Genellikle bilinçli olarak verilmezler ama şu ya da bu şekilde bu kararlar
veriliyor.
Hastalıklar ve temsil ettiği duygular ile ilgili biraz
örnekler vereyim. Önce hastalığınızı
düşünün sonra da ona sebep olabilecek duygunuz olup olmadığına.

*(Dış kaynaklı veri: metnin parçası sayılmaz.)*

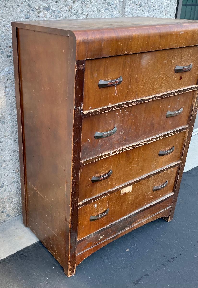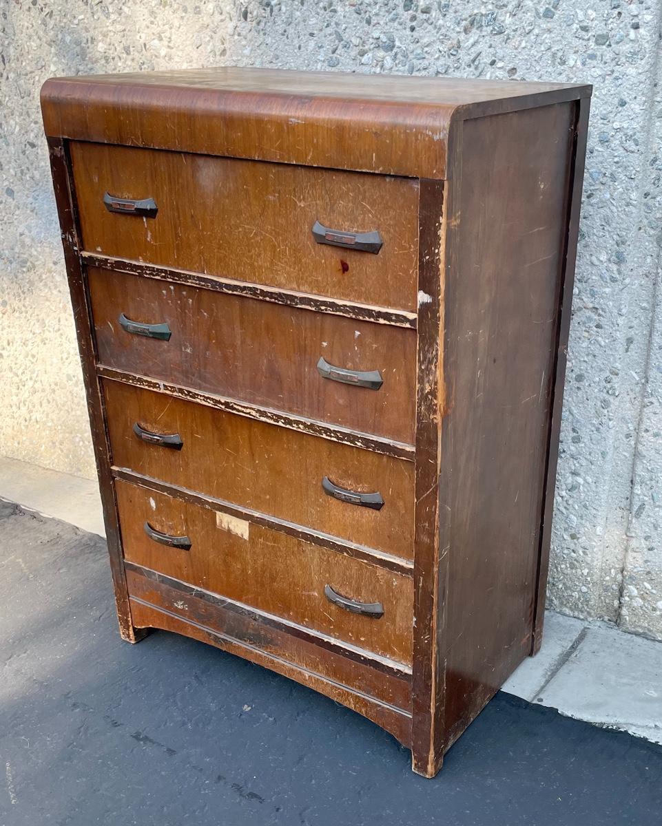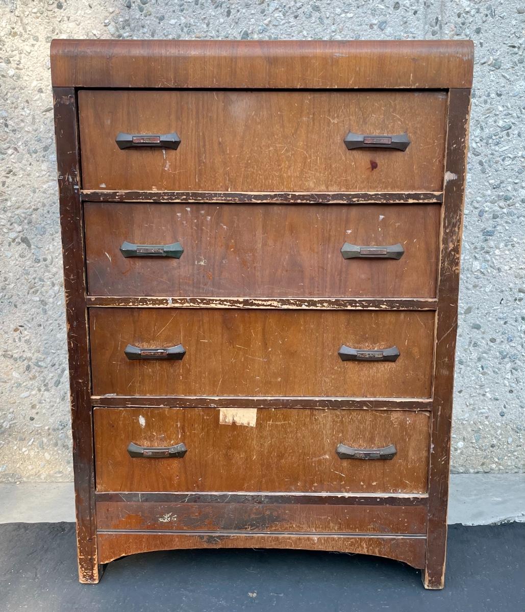 Tall dresser, dark brown. Approx 30” wide, 43” tall, 18” deep. 4 drawers.

Korku: Böbreklerle ilgili sorunlar
Öfke: Karaciğer yağlanması
Üzüntü, keder: Astma, bronşit, zatürre, öksürük
Endişe: Dalak, karın içi rahatsızlıkları ve bağırsaklar
Güven eksikliği, tehlikedeyim düşüncesi: Bel fıtığı
Aşırı duygular, dehşet, sevinç, korku vs: Kalp ve damar
hastalıkları
Otorite ve prensip sorunu: Kemiklerle ilgili hastalıklar
Hayatımı doya doya yaşayamıyorum duygusu: Osteoporoz
Kendini parçalanmış hissetmek, imaj sorunu yaşamak: Kemik
kırıklıkları
Destek arayışı: Omurga ile ilgili sorunlar
Önyargı, inat, yaşla ilgili problemler: Eklemler
Hayatı kucaklayamamak, kontrolcü olmak: Dirsekler
Zihnimizi serbest bırakamıyor olmak: Bağ dokusu sertleşmesi
Kibir, dikbaşlılık, gurur: Dizler
Tatminsiz, çaresiz hissetmek. Hareket etmeye cesaret
edemiyor olmak: Kalçalar
Güçsüz ve önemsi hissetmek: Şişmanlık
Yaşamdan tat alamama, yaşama sevincini yitirme: Diyabet
Aşırı duygu yüklenmek, insanlarla iletişim kuramamak:
Omuzlar
Duygusal çelişkiler yaşamak: Yumurtalık kistleri
Kendini ifade edememe, anlatmak istediklerini söyleyememek:
Boğaz ağrısı
Aile ile ilgili sorunlar: Demir eksikliği
Zihnimizi sıktığımızda, zihnimizi bloke ediyoruz. Bloke
olunca da bağışıklık sistemimiz çöküyor.
Yukarıda da belirttğim gibi, fizyoloji ile iç temsil
arasında doğrudan bir bağlantı var. Biri değişince diğeri de değişir.
Güçlü olmak istiyorsanız, güçlüymüş gibi davranın.